* **DATA FOR PROCESSING**:
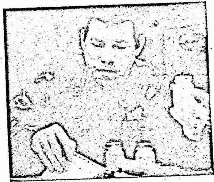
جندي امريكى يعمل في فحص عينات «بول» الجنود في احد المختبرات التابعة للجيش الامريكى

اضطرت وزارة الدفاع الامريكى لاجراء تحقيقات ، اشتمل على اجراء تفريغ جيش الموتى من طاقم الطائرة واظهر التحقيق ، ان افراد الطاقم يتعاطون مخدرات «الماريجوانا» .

--

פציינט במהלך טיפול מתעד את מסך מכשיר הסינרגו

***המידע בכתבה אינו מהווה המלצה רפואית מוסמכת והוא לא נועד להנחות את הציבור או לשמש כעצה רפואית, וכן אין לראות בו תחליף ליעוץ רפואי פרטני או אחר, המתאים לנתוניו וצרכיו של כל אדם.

---

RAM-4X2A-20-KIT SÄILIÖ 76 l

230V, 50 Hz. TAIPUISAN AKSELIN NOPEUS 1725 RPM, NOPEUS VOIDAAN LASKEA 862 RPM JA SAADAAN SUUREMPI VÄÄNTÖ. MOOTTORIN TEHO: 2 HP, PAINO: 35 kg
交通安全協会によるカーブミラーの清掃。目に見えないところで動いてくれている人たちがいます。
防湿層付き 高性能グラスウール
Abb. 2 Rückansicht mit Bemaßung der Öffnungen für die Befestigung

* **WORK INSTRUCTIONS**: Set down exactly the lines of the data above, beginning with the line that has "פציינט במהלך טיפול מתעד את מסך מכשיר הסינרגו" and ending with the line that has "וצרכיו של כל אדם.", and no others.

* **EXPECTED ANSWER**:
פציינט במהלך טיפול מתעד את מסך מכשיר הסינרגו

***המידע בכתבה אינו מהווה המלצה רפואית מוסמכת והוא לא נועד להנחות את הציבור או לשמש כעצה רפואית, וכן אין לראות בו תחליף ליעוץ רפואי פרטני או אחר, המתאים לנתוניו וצרכיו של כל אדם.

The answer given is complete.